Today, with mobile devices generating more Internet traffic than desktop devices in the US and Mozilla's refusal to challenge Apple platform rules that keep Firefox off iOS devices, Firefox's global market share is about 18%. That figure is half of Google Chrome (37%), more or less the same as Microsoft Internet Explorer (18%), and slightly more than Apple's Safari (17%).

Firefox 29 arrives at a time of turmoil for Mozilla. Beyond cutthroat competition from its largest source of funds, Google, not to mention all the other mobile platform players, Mozilla must contend with a leadership vacuum.
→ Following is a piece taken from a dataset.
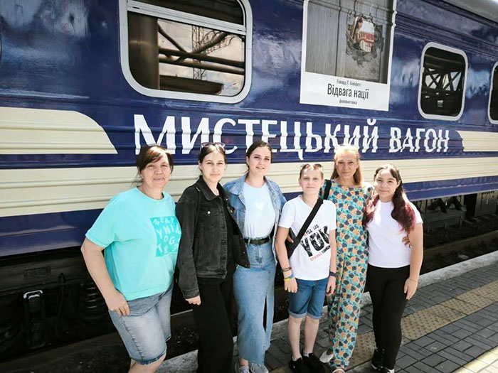 Мистецький поїзд – це мандрівна галерея, створена за підтримки Howard G. Buffett Foundation, де у спеціально переобладнаних вагонах з унікальним світловим і музичним оформленням представлена виставка «Courage of a Nation» про незламність українців, очима американського філантропа та фотографа Говарда Баффетта. Він несе з собою не просто фотографії, а історії — про біль, силу, надію й світло.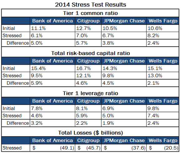 Unsurprisingly, Wells Fargo comes out on top relative to the big four in every major category gauged in both the size of the drop seen from the initial standing to the stressed standing, and final result. It has higher capital and leverage ratios -- which measure its ability to insulate against risk -- and also has dramatically lower bottom-line losses:

Last week it appointed Andreas Gal to be the company's new CTO. Eich occupied that position previously, before his tumultuous 11-day reign as CEO ended following the outcry over his 2008 campaign donation to oppose gay marriage.

Mozilla is being run by interim CEO Chris Beard, elevated to the job following Eich's departure. He will have his hands full making Firefox OS, the company's recently launched Web-based mobile operating system, capable and desirable enough to hold its own against the competition.

Mozilla, as a corporation run for the benefit of the public rather than purely for profit, does have one advantage: It serves one master, its users. Its competitors balance the desires of users against other considerations, such as pleasing advertisers and content providers or hobbling the Web to protect business interests. As a consequence, it can offer customization and privacy options that have made more commercially-minded competitors balk. For example, Firefox was the first browser to introduce Do Not Track, a privacy scheme that Google initially resisted because it made advertising less efficient.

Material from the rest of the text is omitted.